Quanto ao patrimônio, somente 9% dos mutuários possuíam casa sem, no entanto,
serem proprietários do terreno. Outros 8%, contudo, possuíam casa e terreno, ao passo que
6% possuíam somente o terreno. Um número muito alto, o equivalente a 78% dos
beneficiários, não possuía nem casa nem terreno. Esses dados, associados ao fato de 66%
deles não possuir meio de transporte algum, e 57% não possuírem sequer um animal,
demonstram que, embora esses beneficiados apresentassem poucas garantias para obtenção
do empréstimo, ainda assim o conseguiram. Isso pode ser explicado pelo próprio
regulamento do Banco da Terra, que rege que a garantia seja a hipoteca ou a alienação
fiduciária do próprio imóvel financiado, no caso de interrupção de pagamento.

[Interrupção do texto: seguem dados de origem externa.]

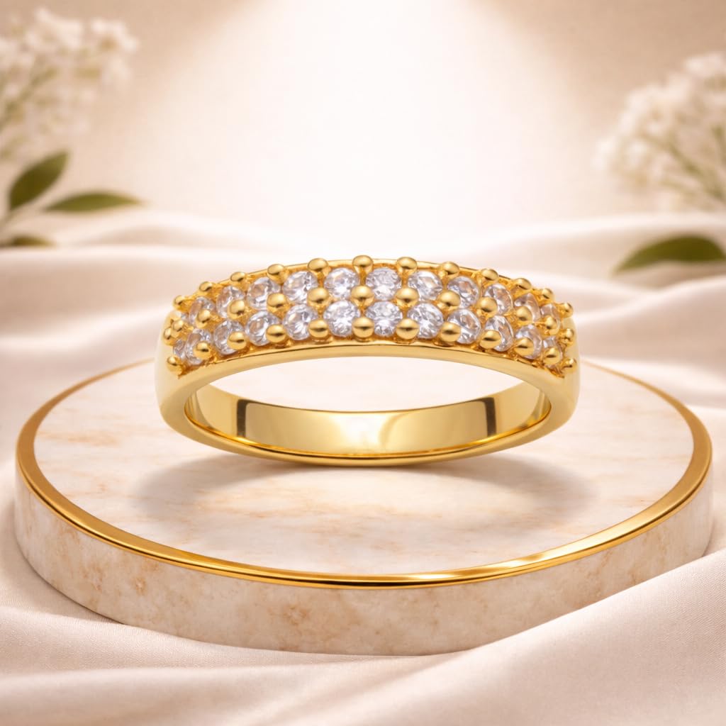 AVIRRA CZ Stone Gold Finish Designer Ring for Women Enhance your style with the elegant AVIRRA CZ Designer Finger Ring, crafted with a premium gold finish and beautifully studded with sparkling Cubic Zirconia (CZ) stones. The ring features a graceful curved band design with multiple shimmering stones that create a luxurious and eye-catching look. This ring is made with gold-filled jewellery technology, featuring a 24K gold thick layer representing approximately 10.50% of the total ring weight, giving it a rich gold-like shine and improved durability compared to ordinary plated jewellery. With a total weight of 1.96 grams and ring size 19, the ring offers a comfortable fit while maintaining a stylish and sophisticated appearance. Its timeless design makes it perfect for daily wear, parties, weddings, festivals, and special occasions. Designed for women and girls who appreciate elegant fashion jewellery, this piece adds a refined sparkle to any outfit and makes a wonderful gift for birthdays, anniversaries, or celebrations.

Quanto às rendas declaradas pelos beneficiários na proposta de financiamento,
cerca de 77% dos agricultores não ultrapassam a renda mensal superior a 400 reais o
equivalente a 1,6 salários mínimos 4 . Embora esta faixa de rendimento coincida com os
valores censitários do IBGE (1995-96), que indicam que a renda média alcançada por 55%
dos produtores rurais catarinenses era inferior a dois salários mínimos, cabe destacar que
estas foram as rendas declaradas pelos agricultores que gostariam de obter o empréstimo
do Banco da Terra. Pode-se estar diante de uma situação onde não necessariamente estes
valores sejam os verdadeiros, já que eles podem ter sido superestimados, na ânsia de
obterem a aprovação da proposta de financiamento.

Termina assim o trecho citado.